Dans le même ordre d’idées, le premier éclaireur s’il est vraiment malchanceux pourra être obligé de perdre si les résultats autour de la table sont négatifs, en raison de plusieurs plumes spéciales. Comme il est obligé de dire au moins 1, il se fait coyoter direct et n’a quasiment aucune chance de s’en sortir (sauf si on utilise des variantes).

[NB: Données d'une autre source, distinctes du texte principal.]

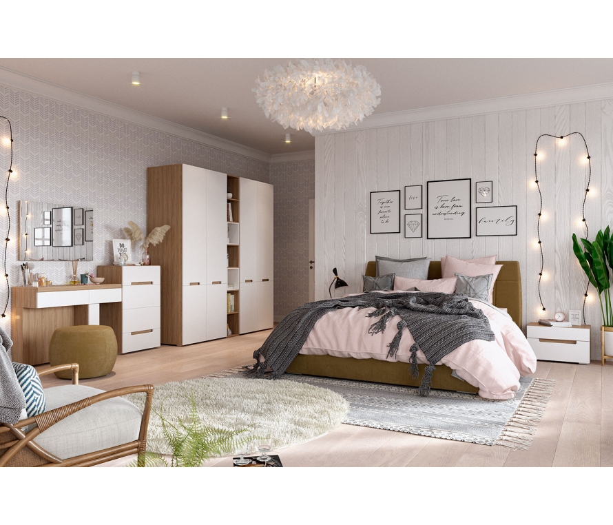 Состав:Шкаф Анри АН-200.01 — 2 шт;Стеллаж Анри АН-701.00 — 1 шт;Тумба прикроватная Анри АН-305.03 — 2 шт;Стол Анри АН-500.11 — 1 шт;Комод Анри АН-113.01 — 1 шт;Зеркало Анри АН-601.00 — 1 шт;Пуф Анри АН-910.01 — 1 шт;Кровать мягкая Анри АН-810.26 — 1 шт.Особенности:Спальня в современном стиле. Такая мебель универсальна и подойдет интерьерам в стилях эко, скандинавский, минимализм и лофт (в его более «легком» варианте);Коллекция будет гармонировать с темными оттенками пастельных тонов, например, коричневым или серым. Если же хотите добавить контраста — выбирайте для декора приглушенные холодные оттенки, например, синий или зеленый;Спальня Анри понравится как современным жителям мегаполиса, которые хотят добавить спокойствия и умиротворения в свою жизнь, так и тем, кто живет за городом и не может представить и дня без деревенской природы.Характеристики:Корпус мебели выполнен в цвете «швейцарский вяз», фасады — в цвете «белый матовый»;Вся мебель из коллекции Анри отличается отсутствием внешних ручек, что делает ее более легкой и воздушной. Все ручки в мебели — скрытые. Это зрительно расширяет пространство и продлевает срок службы мебели;Вы можете самостоятельно выбрать комплектацию шкафов.Материалы:Мягкий каркас кровати выполнен из ППУ, синтепона и спанбонда. Изголовье, передняя и боковые царги кровати обтянуты мягким велюром. Он легко поддается чистке и позволит чувствовать себя в кровати комфортно;Ортопедическая решетка состоит из металлического каркаса и гнуто-клееных лат. Осталось лишь выбрать матрас — и спальное место готово!Для спальни используется крепежная фурнитура и механизмы ведущих производителей. Такая фурнитура позволит мебели прослужить дольше, не требуя частого ремонта. Петли оснащены доводчиками для более плавного закрывания дверей;В выдвижных ящиках используется система скрытых направляющих. Это позволяет легко и почти бесшумно выдвигать-задвигать ящики, а также обеспечивает надежную фиксацию ящика и гарантирует длительный срок службы даже при высокой нагрузке.В зависимости от стиля, который вы хотите создать в вашем доме, можно дополнительно подобрать минималистичные торшеры или стеллажи — для эко или скандинавского стилей, аксессуары из металла или стекла — для «легкого» лофта, графичные постеры — для минималистичного интерьера. Не забудьте про туалетный столик, который сделает утренние и вечерние ритуалы еще приятнее.

Plus on est nombreux et plus le jeu est sympa, puisque selon les stratégies de chacun on peut donc faire plusieurs propositions au cours de la même manche ou alors ne pas être sollicité (si un joueur augmente vite), selon les prises de risque de chacun. Il est donc bien plus facile de durer longtemps quand on est nombreux que lorsqu’on n’est que 2 ou 3 joueurs en lice.

Quoi qu’il en soit Coyote remplit parfaitement bien son office de petit jeu d’ambiance, pas prise de tête pour deux sous. Le matos est de bonne facture et tient bien le coup, même s’il vaut mieux éviter de trop jouer avec les bandeaux (enfin ne pas s’amuser à tirer dessus dans tous les sens) pour ne pas courir le risque de les abîmer.

C’est également très plaisant que des petites variantes aient été prévues, car elles permettent de pimenter les parties et d’allonger sa durée de vie.

En bref Coyote est un petit jeu d’ambiance très sympa et qui remplit parfaitement bien son office, on rigole bien pendant les parties et c’est là le principal. Un bon petit jeu pour se détendre entre deux parties de jeux, ou pour bien débuter ou achever une session de jeux.